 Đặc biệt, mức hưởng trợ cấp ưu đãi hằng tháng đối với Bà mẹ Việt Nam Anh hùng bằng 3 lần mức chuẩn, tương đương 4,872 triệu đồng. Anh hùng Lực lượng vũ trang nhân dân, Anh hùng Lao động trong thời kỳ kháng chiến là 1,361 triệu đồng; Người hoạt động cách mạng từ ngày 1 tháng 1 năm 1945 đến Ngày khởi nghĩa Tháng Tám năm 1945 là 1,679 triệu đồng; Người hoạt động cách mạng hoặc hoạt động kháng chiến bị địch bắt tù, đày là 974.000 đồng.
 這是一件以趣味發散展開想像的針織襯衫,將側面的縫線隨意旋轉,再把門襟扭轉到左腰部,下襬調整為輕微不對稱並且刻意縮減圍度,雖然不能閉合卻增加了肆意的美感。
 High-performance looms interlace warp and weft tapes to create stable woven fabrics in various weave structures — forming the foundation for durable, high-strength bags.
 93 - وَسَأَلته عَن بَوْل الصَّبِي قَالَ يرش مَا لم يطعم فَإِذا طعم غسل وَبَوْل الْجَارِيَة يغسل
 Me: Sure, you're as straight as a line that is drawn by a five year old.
--*--
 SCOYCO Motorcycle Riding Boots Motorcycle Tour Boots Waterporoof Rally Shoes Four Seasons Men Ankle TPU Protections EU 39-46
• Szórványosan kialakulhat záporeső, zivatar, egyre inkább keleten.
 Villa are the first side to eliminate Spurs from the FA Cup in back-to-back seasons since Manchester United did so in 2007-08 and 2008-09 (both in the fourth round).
--*--
DIRECTIONS FOR THIS TASK: Using the data above, print exactly the lines from the line that contains "egyre inkább keleten." through the line that contains "Villa are the", with both included.

RESPONSE BOX:
• Szórványosan kialakulhat záporeső, zivatar, egyre inkább keleten.
 Villa are the first side to eliminate Spurs from the FA Cup in back-to-back seasons since Manchester United did so in 2007-08 and 2008-09 (both in the fourth round).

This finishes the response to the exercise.